I spend the bulk of my time working with Oracle database
software and, more to the point, with people who use this software. Over the
last 18 years, I’ve worked on many projects—successful ones as well as complete
failures—and if I were to encapsulate my experiences into a few broad
statements, they would be
* An application built around the
database—dependent on the database—will succeed or fail based on how it uses
the database. Additionally, in my experience, all applications are built around
databases. I cannot think of a single useful application that does not store
data persistently somewhere.
* Applications come, applications go. The data,
however, lives forever. In the long term, the goal is not about building
applications; it really is about using the data underneath these applications.

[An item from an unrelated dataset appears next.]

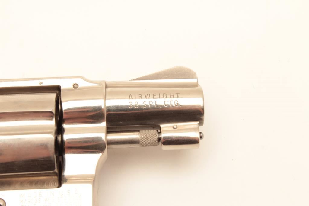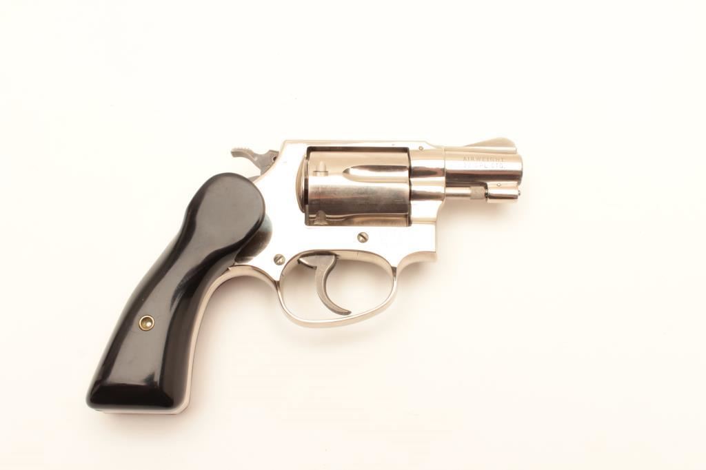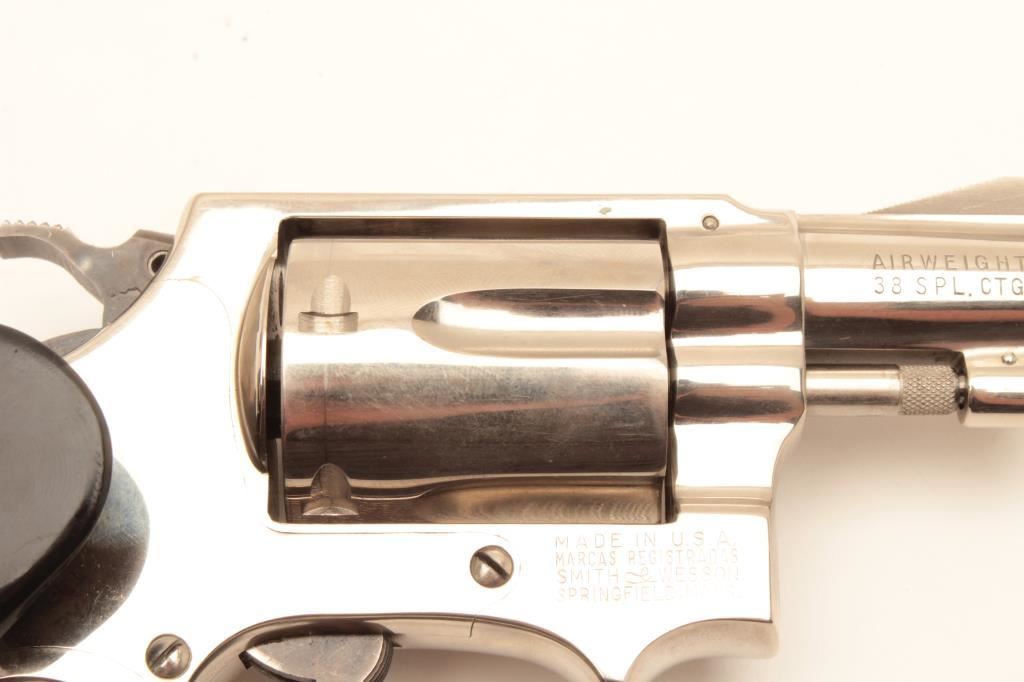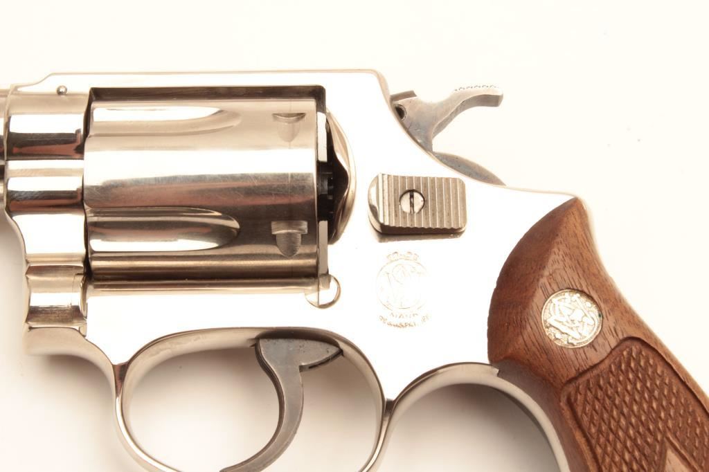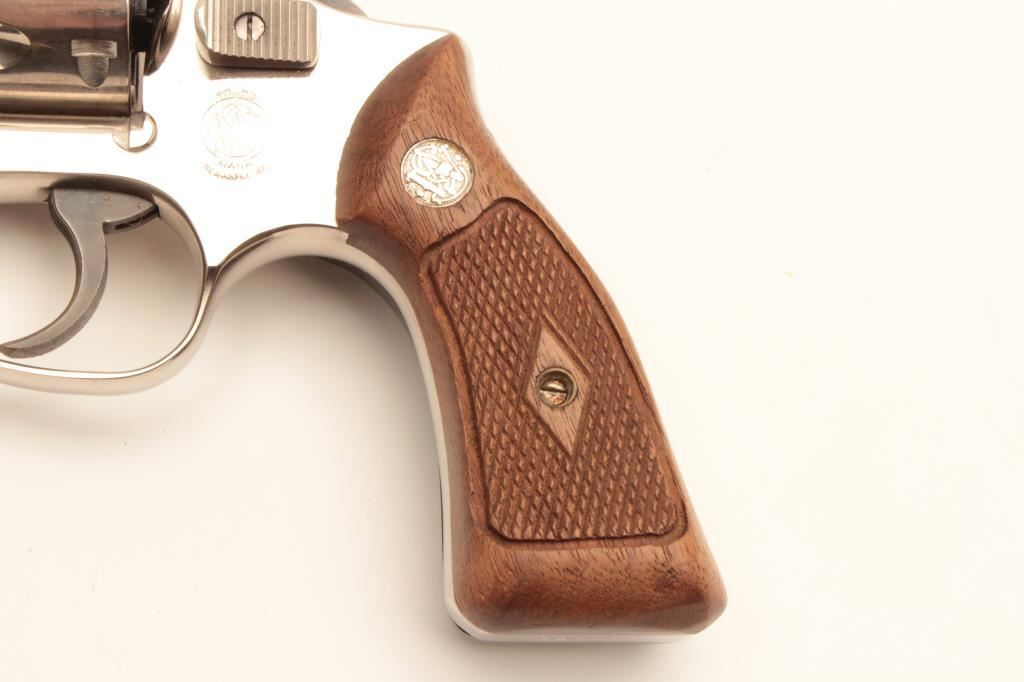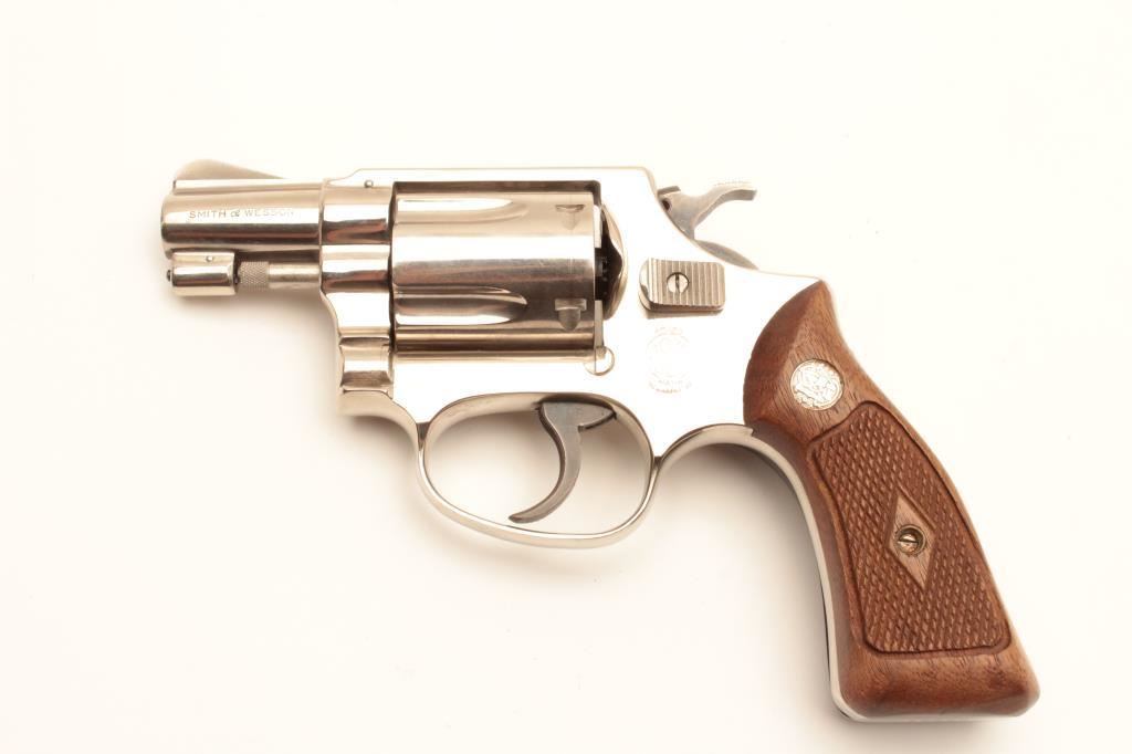 Smith & Wesson Model 37 (no dash) DA revolver, flat latch, .38 Special caliber, 2” barrel, nickel finish, left grip is checkered wood medallion, right grip is smooth black plastic, S/N 290098; overall excellent condition with factory sliver and blued two piece cardboard box. (C&R/NO PPT). Est.: $500-$1,000.

* A development team needs at its heart
a core of database-savvy developers who are responsible for ensuring the
database logic is sound and the system is built to perform from day one. Tuning
after the fact (tuning after deployment) typically means you did not give
serious thought to these concerns during development.
These may seem like surprisingly obvious statements, but I
have found that too many people approach the database as if it were a black
box—something that they don’t need to know about. Maybe they have a SQL
generator that they figure will save them from the hardship of having to learn
the SQL language. Maybe they figure they will just use the database like a flat
file and do keyed reads. Whatever they figure, I can tell you that thinking
along these lines is most certainly misguided: you simply cannot get away with
not understanding the database and how best to work with it.

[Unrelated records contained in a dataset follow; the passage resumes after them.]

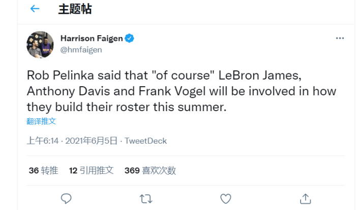 湖人大洗牌?詹眉沃格尔将参与建队!佩林卡:冲击第18冠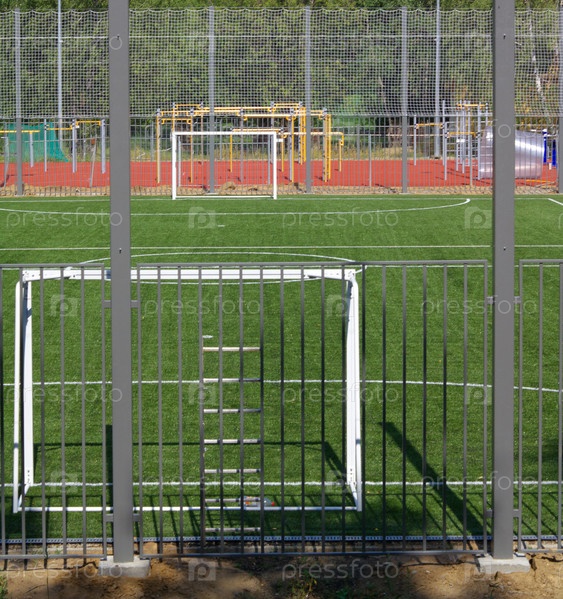 Футбольное поле возле забора в солнечный день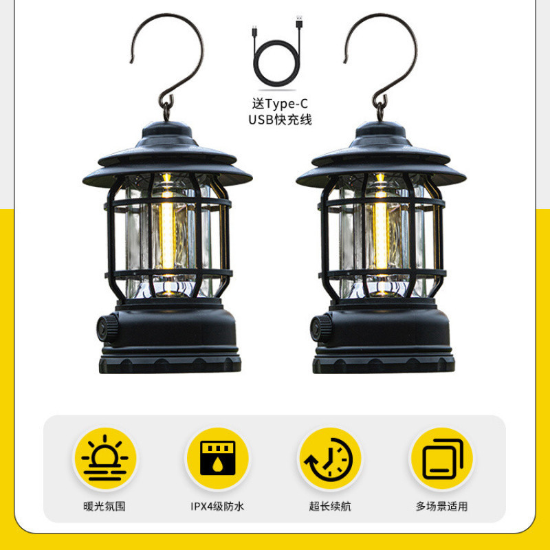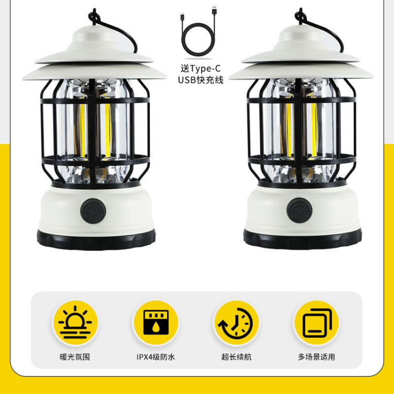 야외 레트로 캠핑 조명 야외 전문 등급 충전 LED 스톨 야시장 조명 긴 내구성 휴대용 따뜻한 조명

That is where this book comes in – it provides a balanced
view of how a Java programmer can approach the Oracle database and use it
successfully. Where and when database
features such as stored procedures make sense – and how they fit in. The author explains how things work – which
leads to an understanding of when to use a particular feature; and as
importantly when not to use a particular feature.

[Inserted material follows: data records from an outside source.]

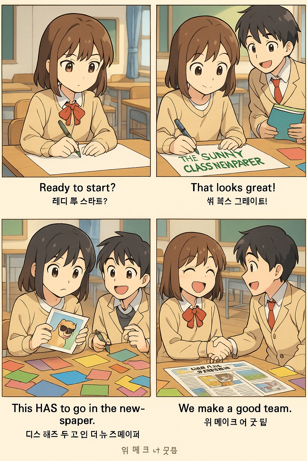 Today, she and Hyunil had to make the class newspaper together.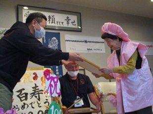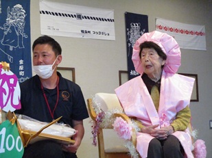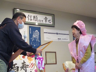 百寿のお祝いには、ヒューマン・ネットワーク代表である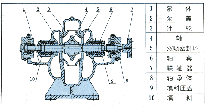 4、泵軸由兩個單列向心球軸承支承,軸承裝在泵體兩端的軸承體內(nèi),用黃油潤滑,雙吸密封環(huán)用以減少水泵葉輪處漏水。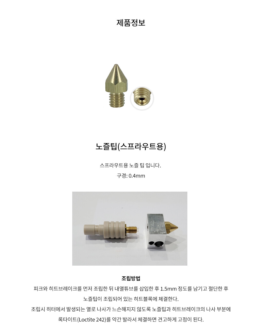 스프라우트용 노즐 팁 입니다. (0.4mm)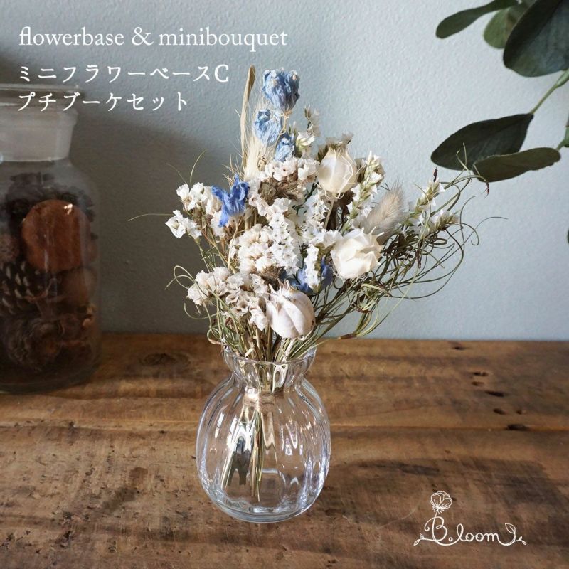 ミニサイズのフラワーベースとプチブーケのセットです。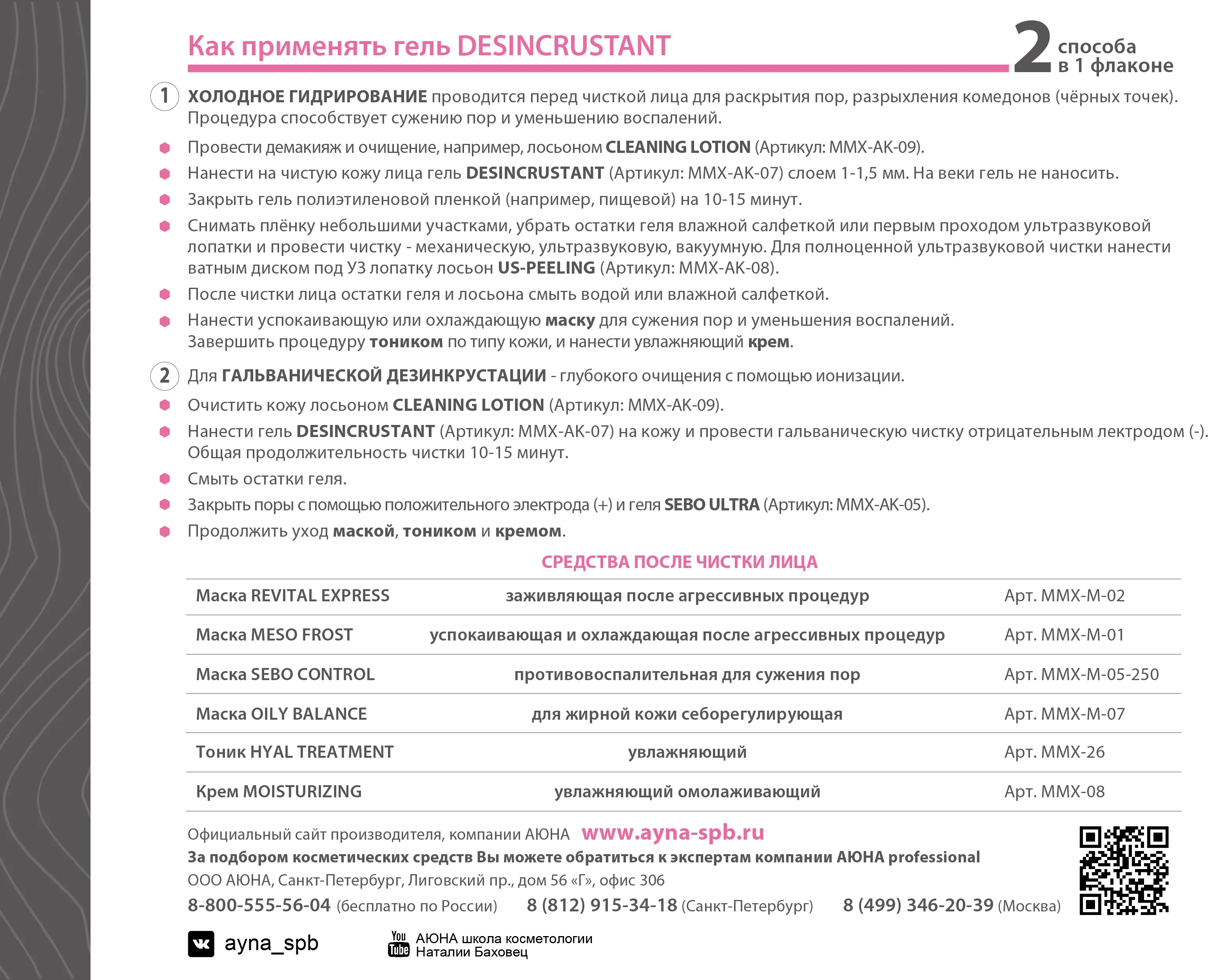 DESINCRUSTANT, гель для дезинкрустации, холодного гидрирования, ультразвуковой чистки лица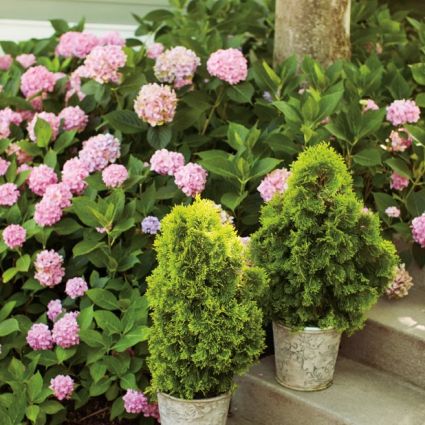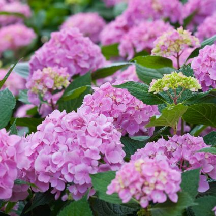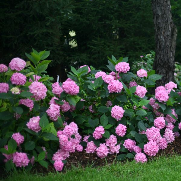 These floriferous varieties bloom on both new wood and old, which creates an incredible display of color. Let’s Dance Moonlight Hydrangea is a strong rebloomer with large, rich rose-pink (or blue depending upon pH) mophead flowers that are held on sturdy stems.

That is what I like best about this book – it explains how
things work. It does not just prescribe
methods of doing something, it explains in detail the inner workings. With this knowledge you yourself will be
able to make the judgment call as to whether a particular feature of Oracle is
something you should or should not be using in your application. Additionally - the exposure to these features, many of which you might not
otherwise be exposed to – is important as well. If you don’t know something exists – you will never use it.
If you are a Java programmer looking to exploit Oracle, or
a database developer looking to exploit Java – this is the book for you.